In this study, nine patients showed CR, and five of these patients with CR were still alive at the time of the analysis. One of these patients, and also one patient who showed PR, underwent conversion surgery after the GC therapy. Although GC therapy generally serves as palliative chemotherapy in patients with advanced BTC, it may have a potential role in enabling conversion surgery.
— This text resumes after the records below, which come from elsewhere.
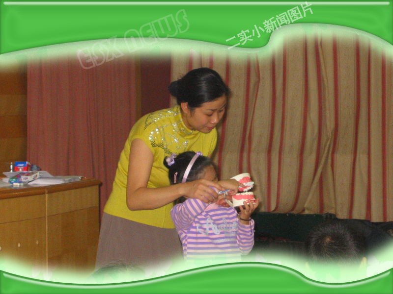 课堂上居老师带领小朋友们围绕“保护我们的牙齿”为主题,通过观看录像、观察实验、小组辩论、学生示范等形式,从小朋友兴趣、认知水平出发,让学生感受龋齿的危害以及“爱牙护牙”的重要性。并通过有效的活动让学生都掌握了正确的刷牙方法,树立个人卫生的良好行为意识。小朋友们的积极参与和富有童趣的回答,不时引来与会教师们的笑声以及思索。观摩课结束后,与会领导和教师们还一起就这堂课以及我市的健康教育工作展开了研讨。一致认为这堂观摩课 “精彩、生动、有效”,值得学习和借鉴。另外,本次观摩活动,不仅给外校的教师以启迪,更为促进我校的健康教育工作提供了一次契机。我们二实小将继续围绕《体卫工作两个条例》积极开展有效的健康教育工作,为学生健康快乐的成长而不懈地努力。
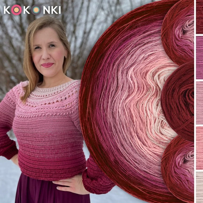 Sada na svetr/kardigan Nathalie od Kotek i motek 04 / Kokonki Merino / bordo/tmavástarorůžová/tlumená růžová/meruňková/tělová + vzor PDF
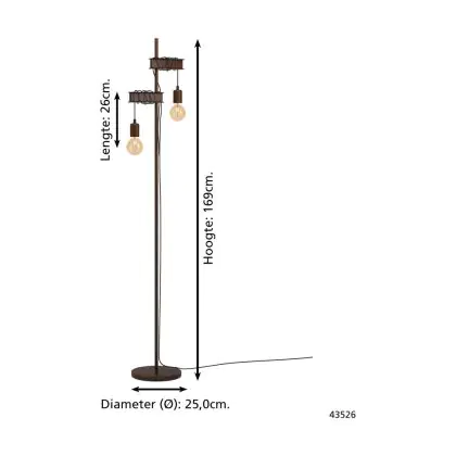 Caractéristiques du Eglo Lampadaires Salon Townshend 4 Acier Brun Noir | IP20 - Convient pour 2x E27
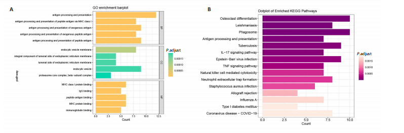 结果与结论:类风湿关节炎有2 516个差异基因,克罗恩病有281个差异基因。通WGCNA、蛋白互作网络和2种机器学习算法取交集后得到3个核心基因,半胱天冬酶1(CASP1)、三联基序21(TRIM21)及蛋白酶体亚基10(PSMB10)。富集分析显示两种疾病与抗原的加工和呈递、内质网膜腔面和多种免疫球蛋白结合相关;3个核心基因在两种疾病验证集的表达趋势与训练集一致。免疫细胞浸润分析显示,巨噬细胞(M0、M1)和中性粒细胞在类风湿关节炎与克罗恩病中的表达均显著增高,说明中性粒细胞可能在类风湿关节炎和克罗恩病发病机制中起重要作用。该研究不仅增进了对两种重要自身免疫病共性的认知,更重要的是为中国研究人员在新靶点的发现与验证、新型诊疗技术的开发以及转化医学研究模式应用等方面提供了宝贵的借鉴意义和具体的指导路径。
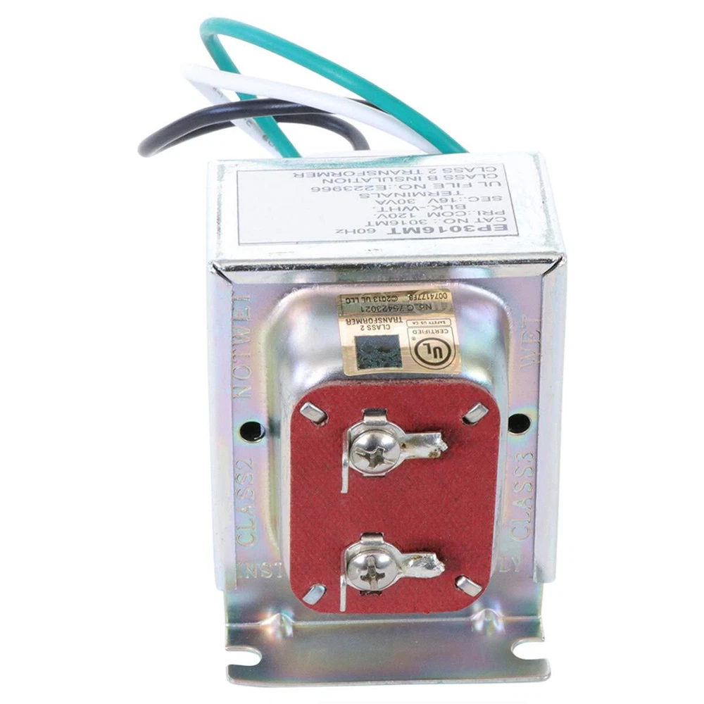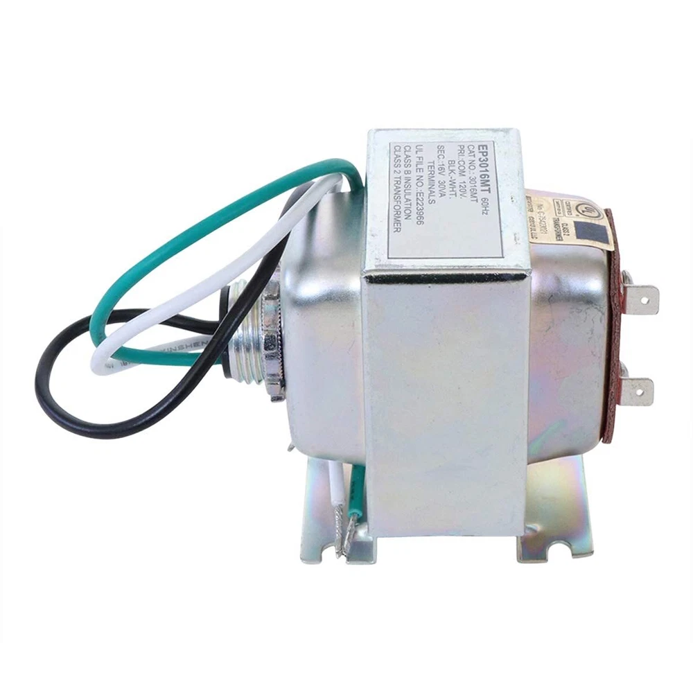 This is a 16V 30VA Doorbell Transformer Compatible with Ring Video Doorbell Pro Hardwired Door Chime, Nest Hello Video Doorbell.Replace old or under powered transformers. Specification: Primary Input: 120V AC 60Hz Secondary Output: 16V AC 30 VA Class B Insulation Class 2 transformer Manufacturers’ part numbers are solely for identification. All materials supplied by us are our replacements for manufacturers’ parts. All product and company names are trademarks™ or registered® trademarks of their respective holders. Use of them does not imply any affiliation with or endorsement by them. [Product specifications]: 16V 30VA doorbell transformer: low voltage hardwired door chime transformer, Primary Input: 120V AC 60Hz, Secondary Output: 16V AC 30 VA, Class B insulation, Class 2 transformer [Compatible with]: For use with many doorbell transformers, Ring Doorbell, Ring Doorbell 2, Ring Video Doorbell Pro, Nest Hello Video Doorbell [Easy to install]: screw down and thread clamps to electrical box. [Useage]: Power single or multiple door chimes in one home with ease, replace your old and under powered doorbell [Risk free shopping]: Superior Quality you can trust! This SupplyEdge product is UL/CSA approved to assure safe operation and long life. This item by SupplyEdge come with a 1 year, no questions asked, no hassle warr anty.

There were three major limitations of this study. First, as this study was conducted retrospectively, we could not include any pre-treatment data, such as weight loss, intensity of pain, or quality of life, which were not fully documented in the hospital records. Second, external validation could not have performed to allow generalizability of our findings, because this was a single-institution study. Third, these predictive factors were not specific to advanced BTC. Although we included some specific factors in patients with advanced BTC in the analysis as potential predictive factors, such as the serum total bilirubin level, biliary drainage, tumor size, serum CA19-9 level and presence/absence of metastatic disease, none of these factors was identified as a predictor of the OS in our cohort. Further investigation to identify other novel biliary cancer-specific markers is needed. In contrast, the strength of this study was the large sample size with few missing patient data recruited from a major Japanese cancer center. In addition, the patient selections, management of GC therapy, and assessment of the tumor response were unified as this was a single-institution study. Therefore, because of the solid and similar patient data, the efficacy and safety of GC therapy in our cohort were comparable to that reported from the ABC-02 and BT-22 trials.

In conclusion, we identified three predictive factors of the OS in advanced BTC patients receiving GC therapy, which allowed these patients to be classified into three risk groups. These findings are expected to be helpful in decision-making on the first-line chemotherapy and survival estimation in patients with advanced BTC.